South Korea’s charities urge one-click crypto donations to simplify giving

South Korean charities say cryptocurrency donations offer convenience but are hampered by a cumbersome, multi-step process that discourages donors. To donate crypto now, individuals must call the charity, complete a detailed form, await anti-money-laundering review, receive a wallet address and donate a specified coin amount (not a fiat value). Donated coins must be listed on at least three major Korean exchanges (Upbit, Bithumb, Korbit, Coinone, Gopax). Because donations are measured in coin units (e.g., 0.01 BTC), price volatility can change the donation’s fiat value and requires restarting the process to adjust amounts. Charities typically convert received crypto to cash within two days; donations qualify for the same tax deductions as cash. Despite South Korea’s more than 10 million crypto investors, most donors sell crypto and give cash for speed and simplicity, making direct crypto gifts rare—Fruit of Love, Korean Red Cross and Seoul National University Hospital each reported single 1 BTC gifts last year. Charities are calling for a one-click donation feature integrated into exchanges to boost uptake, mirroring simpler frameworks in the US, Europe and Dubai where crypto giving has grown. Key keywords: crypto donations, one-click donations, South Korea, exchanges, AML review, donation tax deduction.
Neutral
The news is neutral for market direction. It highlights operational and regulatory frictions that limit cryptocurrency donations in South Korea and a demand from charities for an easier, one-click donation flow integrated into exchanges. This development is primarily structural and adoption-focused rather than a catalyst that would materially shift price fundamentals for major cryptocurrencies. Short-term market impact: minimal — the story is unlikely to trigger immediate buying or selling since donations to date are small (single BTC gifts reported) and charities convert donations to cash quickly, reducing market exposure.
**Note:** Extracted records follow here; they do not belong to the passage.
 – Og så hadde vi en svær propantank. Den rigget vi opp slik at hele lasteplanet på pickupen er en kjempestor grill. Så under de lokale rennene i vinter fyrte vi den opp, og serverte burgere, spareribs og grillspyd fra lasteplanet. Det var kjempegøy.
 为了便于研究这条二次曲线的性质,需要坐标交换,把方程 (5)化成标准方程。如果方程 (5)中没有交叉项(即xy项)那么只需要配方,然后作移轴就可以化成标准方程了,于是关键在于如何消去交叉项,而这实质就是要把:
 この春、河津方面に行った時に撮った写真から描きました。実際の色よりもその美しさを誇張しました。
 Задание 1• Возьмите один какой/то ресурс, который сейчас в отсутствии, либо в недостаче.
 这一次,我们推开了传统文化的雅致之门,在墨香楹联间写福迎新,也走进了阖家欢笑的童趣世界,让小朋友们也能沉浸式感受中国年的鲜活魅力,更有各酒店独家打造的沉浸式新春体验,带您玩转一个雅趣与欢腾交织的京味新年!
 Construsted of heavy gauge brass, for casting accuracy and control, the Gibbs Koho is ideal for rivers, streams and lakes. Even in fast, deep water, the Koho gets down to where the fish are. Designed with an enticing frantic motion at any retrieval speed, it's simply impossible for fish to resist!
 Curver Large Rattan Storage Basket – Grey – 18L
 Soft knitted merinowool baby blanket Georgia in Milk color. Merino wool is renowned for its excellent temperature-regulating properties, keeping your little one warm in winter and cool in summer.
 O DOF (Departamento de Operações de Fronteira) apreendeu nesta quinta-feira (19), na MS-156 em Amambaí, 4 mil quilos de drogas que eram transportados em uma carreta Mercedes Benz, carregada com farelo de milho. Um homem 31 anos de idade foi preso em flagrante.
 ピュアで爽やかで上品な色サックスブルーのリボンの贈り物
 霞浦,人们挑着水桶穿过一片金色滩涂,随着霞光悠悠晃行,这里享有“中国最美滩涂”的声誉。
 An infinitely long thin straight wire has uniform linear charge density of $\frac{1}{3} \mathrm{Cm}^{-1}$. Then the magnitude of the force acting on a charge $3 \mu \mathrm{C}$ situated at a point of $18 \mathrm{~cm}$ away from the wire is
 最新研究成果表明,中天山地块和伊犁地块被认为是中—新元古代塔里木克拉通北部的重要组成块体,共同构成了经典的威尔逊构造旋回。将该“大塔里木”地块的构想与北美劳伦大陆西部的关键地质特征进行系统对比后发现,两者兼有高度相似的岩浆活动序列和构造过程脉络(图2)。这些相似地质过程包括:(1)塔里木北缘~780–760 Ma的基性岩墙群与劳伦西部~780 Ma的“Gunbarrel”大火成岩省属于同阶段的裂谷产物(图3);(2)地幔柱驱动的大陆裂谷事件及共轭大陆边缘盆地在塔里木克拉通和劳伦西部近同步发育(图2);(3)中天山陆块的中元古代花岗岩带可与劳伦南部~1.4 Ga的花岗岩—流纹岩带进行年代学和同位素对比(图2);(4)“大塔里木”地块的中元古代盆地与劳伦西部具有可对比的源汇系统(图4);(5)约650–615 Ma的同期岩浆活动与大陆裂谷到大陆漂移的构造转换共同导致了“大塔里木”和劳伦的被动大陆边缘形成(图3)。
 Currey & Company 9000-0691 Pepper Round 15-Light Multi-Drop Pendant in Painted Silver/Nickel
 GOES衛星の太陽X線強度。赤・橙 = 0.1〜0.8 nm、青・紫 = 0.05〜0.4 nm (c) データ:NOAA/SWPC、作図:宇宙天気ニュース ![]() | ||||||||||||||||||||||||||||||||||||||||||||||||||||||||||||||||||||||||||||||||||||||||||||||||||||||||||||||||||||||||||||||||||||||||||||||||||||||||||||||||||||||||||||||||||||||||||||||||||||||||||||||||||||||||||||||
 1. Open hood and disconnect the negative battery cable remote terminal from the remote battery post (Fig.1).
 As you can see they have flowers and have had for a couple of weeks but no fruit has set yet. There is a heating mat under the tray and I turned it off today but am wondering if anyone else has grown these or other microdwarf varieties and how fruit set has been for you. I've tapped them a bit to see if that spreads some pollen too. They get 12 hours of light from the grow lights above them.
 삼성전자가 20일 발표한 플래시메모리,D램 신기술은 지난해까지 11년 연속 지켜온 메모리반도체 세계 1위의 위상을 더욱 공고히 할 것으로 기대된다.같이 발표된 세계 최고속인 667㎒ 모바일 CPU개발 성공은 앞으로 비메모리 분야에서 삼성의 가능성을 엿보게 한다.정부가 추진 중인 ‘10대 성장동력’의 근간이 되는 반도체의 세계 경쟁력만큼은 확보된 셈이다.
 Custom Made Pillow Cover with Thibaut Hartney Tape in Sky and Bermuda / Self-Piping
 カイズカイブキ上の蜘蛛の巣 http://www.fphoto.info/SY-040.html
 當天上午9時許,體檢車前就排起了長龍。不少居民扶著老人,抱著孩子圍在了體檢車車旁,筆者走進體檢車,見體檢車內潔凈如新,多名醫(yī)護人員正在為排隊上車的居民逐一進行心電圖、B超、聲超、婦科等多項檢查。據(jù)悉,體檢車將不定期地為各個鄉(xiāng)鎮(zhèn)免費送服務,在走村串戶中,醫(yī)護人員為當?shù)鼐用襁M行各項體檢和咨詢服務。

Traders should expect negligible liquidity effects. Long-term impact: mildly positive for adoption if exchanges implement one-click donation tools and regulatory frameworks remain supportive — increased institutional or retail donation channels could marginally broaden use cases and on-chain transactions, supporting gradual demand growth. Historical parallels: similar adoption signals (e.g., U.S. charities and large NGOs accepting crypto) have supported narrative-driven interest but did not by themselves produce sustained price rallies. Monitor: exchange product announcements, regulatory guidance on crypto donations and tax treatment, and any large-scale institutional charity campaigns — these would be the events most likely to shift market sentiment or volumes.